Last Updated on by admin

How To Build A predictive Model In Data Science?

Predictive Analytics is an advanced concept in Data Science that is completely changing the business landscape across various industries.  As per the stats, Predictive Modelling experts are also very much in demand, just like the Data Scientists. Many companies are readily hiring skilled & certified Predictive Modelling professionals by offering them exclusively high salary packages.

If you are curious to become a skilled predictive modelling expert in the field of Data Science, then join us for our Kelly Technologies best success-rate Data Science Training In Hyderabad program. 

Now, let’s have a look at what exactly is Predictive Modelling & how to build a predictive model.

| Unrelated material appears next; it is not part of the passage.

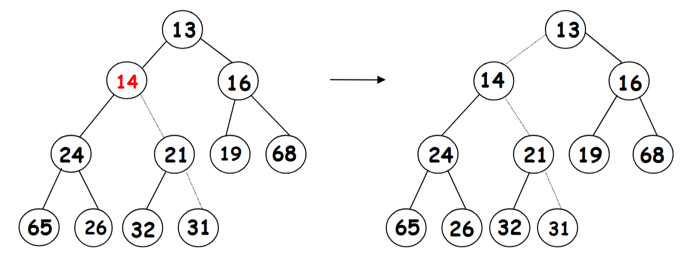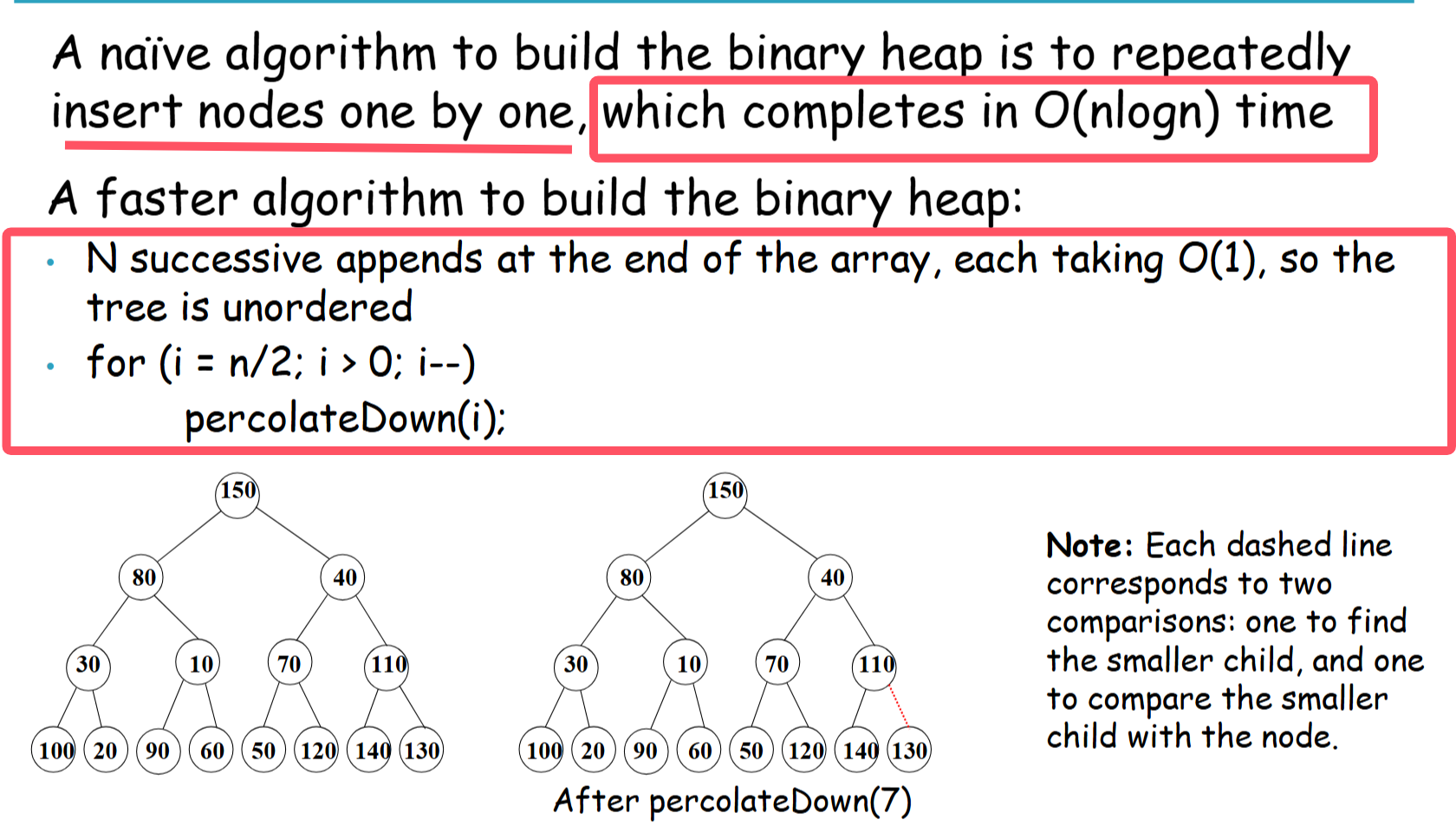 (delete min的思路:删除root,将最新的元素放到root,将root和两个孩子比较,交换:和最小的孩子。直到root小于两个孩子。)、

Defining Predictive Modelling-

Predictive Analytics can be interpreted as a multidisciplinary technique in the field of data analytics that makes use of advanced Machine Learning, Statistical Algorithms, and other data mining techniques to accurately predict the occurrence of future events by analyzing the historical data.

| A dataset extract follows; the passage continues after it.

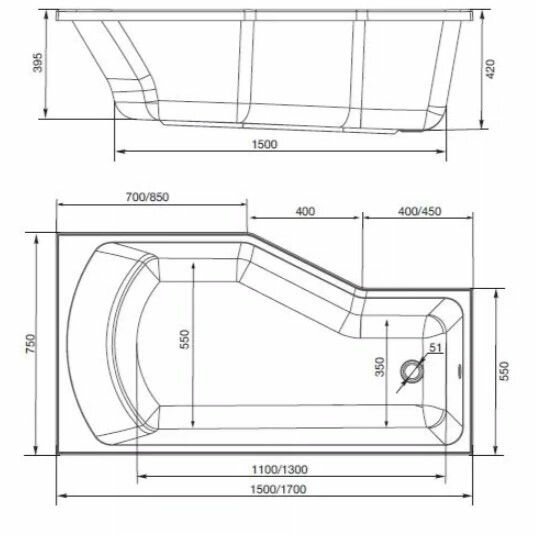 Ванна акриловая 170x75 см асимметричная правый угол Marka One Convey 01кон1775п
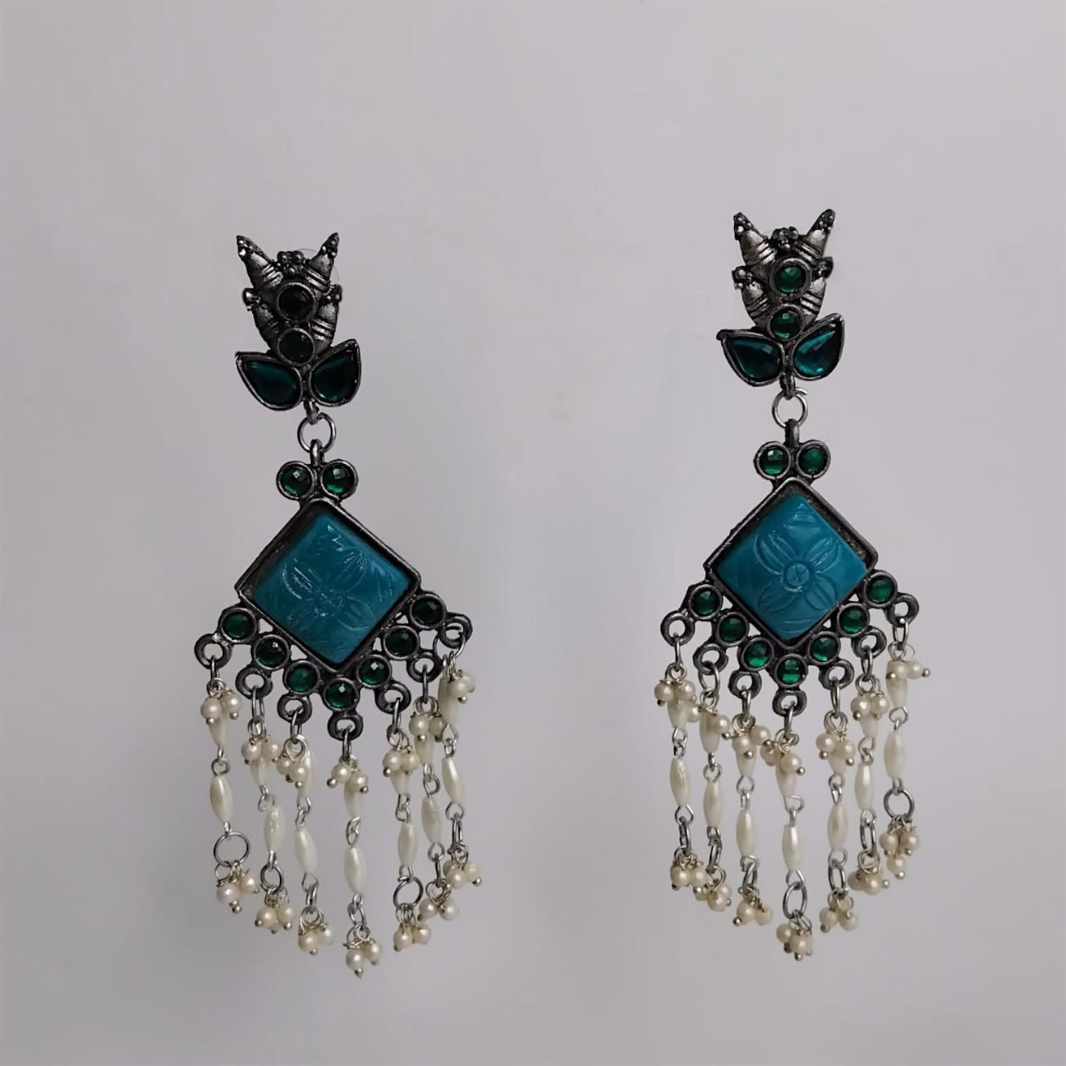 Elevate your style with the DHANU AFGHANI RAW AND RUSTIC AND VINTAGE DANGLERS AF67, combining timeless elegance with contemporary design. Made from high-quality alloy metal and finished with an antique black polish, these danglers reflect skilled artistry. They impart a sophisticated vintage appeal and rustic heritage, perfect for refining any outfit..

How To Build A Predictive Model?

The sequence of steps that are involved in the process of building a predictive model is as follows

  • Collecting The Data

In the first step, data is collected from various sources & advanced data mining & web scraping tools can be used for this purpose.

  • Build The Sample Data

In the next step, a model is built based on the sample data. The model is then trained with relevant algorithms on the data that is going to be used to fill in the target variable.

In general, predictive models can be classified into two different types

Classification-This is used to make predictions based on a value that is discrete through the category and finite with no order

Regression-This is used to make predictions based on a value that is continuous through numeric quantity & infinite with ordering

While speaking of algorithms that are to be used in the predictive models, linear regression, and neural network are the ones that are most extensively used as they yield precise & accurate results.

  • Testing & Implementing The Model 

Once the model is trained with the algorithm on the data set, it is then tested by comparing the outcomes of the models with the actual values. If the results are satisfactory, then this predictive model is used on the new incoming data & once the predictions are made, accurate steps are taken accordingly.

As the demand for predictive analytics is prevalent across many fields, this is the right time to master the predictive analytics skills & to become a career-ready Data Science expert by joining for the exclusive Data Science training program offered by Kelly Technologies.

Leave a Reply

Your email address will not be published.